■ **WHAT YOU HAVE TO DO**:
Return each record word for word, keeping none of its pictures.
Segment Start: RECORDS
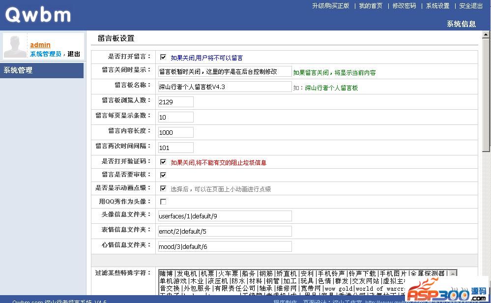 2.管理员可以后台设置留言本,配置留言本名称,留言本标题,以及更换管理员密码。
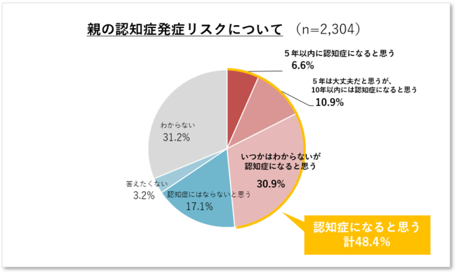 親の認知症発症リスクについて、約半数が「いつか認知症になると思う」。
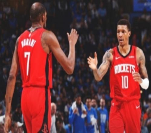 合砍42分!火箭官方赢球海报封面:杜兰特和小贾巴里击掌
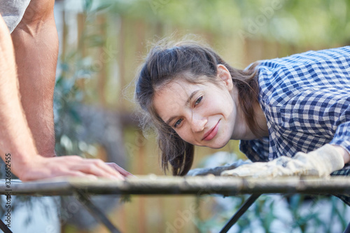 Junge Frau trägt mit ihrem Freund eine Tischplatte
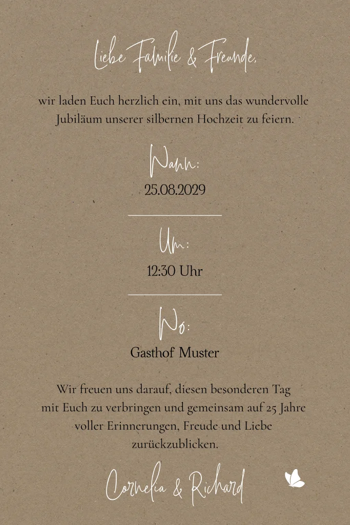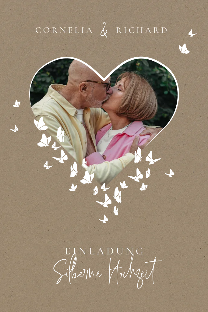 Klappkarte zur Silbernen Hochzeit mit Foto, silbernen Herzen und Schmetterlingen auf Kraftpapier.
Segment End: RECORDS
■ **ANSWER BELOW**:
 2.管理员可以后台设置留言本,配置留言本名称,留言本标题,以及更换管理员密码。
 親の認知症発症リスクについて、約半数が「いつか認知症になると思う」。
 合砍42分!火箭官方赢球海报封面:杜兰特和小贾巴里击掌
 Junge Frau trägt mit ihrem Freund eine Tischplatte
 Klappkarte zur Silbernen Hochzeit mit Foto, silbernen Herzen und Schmetterlingen auf Kraftpapier.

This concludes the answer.